[[ Information provided open ]]

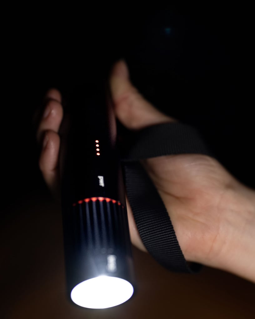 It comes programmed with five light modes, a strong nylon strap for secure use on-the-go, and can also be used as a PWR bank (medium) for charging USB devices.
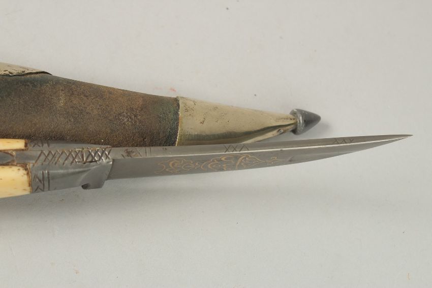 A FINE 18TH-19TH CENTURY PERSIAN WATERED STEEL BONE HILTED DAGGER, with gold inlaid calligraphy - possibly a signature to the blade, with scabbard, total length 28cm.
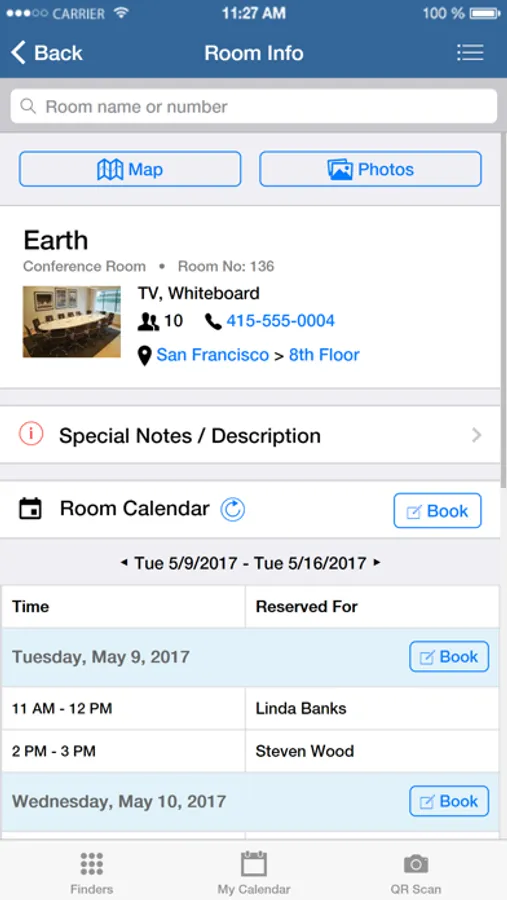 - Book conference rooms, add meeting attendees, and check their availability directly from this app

[[ Information provided closed ]]

The full material above must be output verbatim, minus any pictures.

▶ **Written reply**:
 It comes programmed with five light modes, a strong nylon strap for secure use on-the-go, and can also be used as a PWR bank (medium) for charging USB devices.
 A FINE 18TH-19TH CENTURY PERSIAN WATERED STEEL BONE HILTED DAGGER, with gold inlaid calligraphy - possibly a signature to the blade, with scabbard, total length 28cm.
 - Book conference rooms, add meeting attendees, and check their availability directly from this app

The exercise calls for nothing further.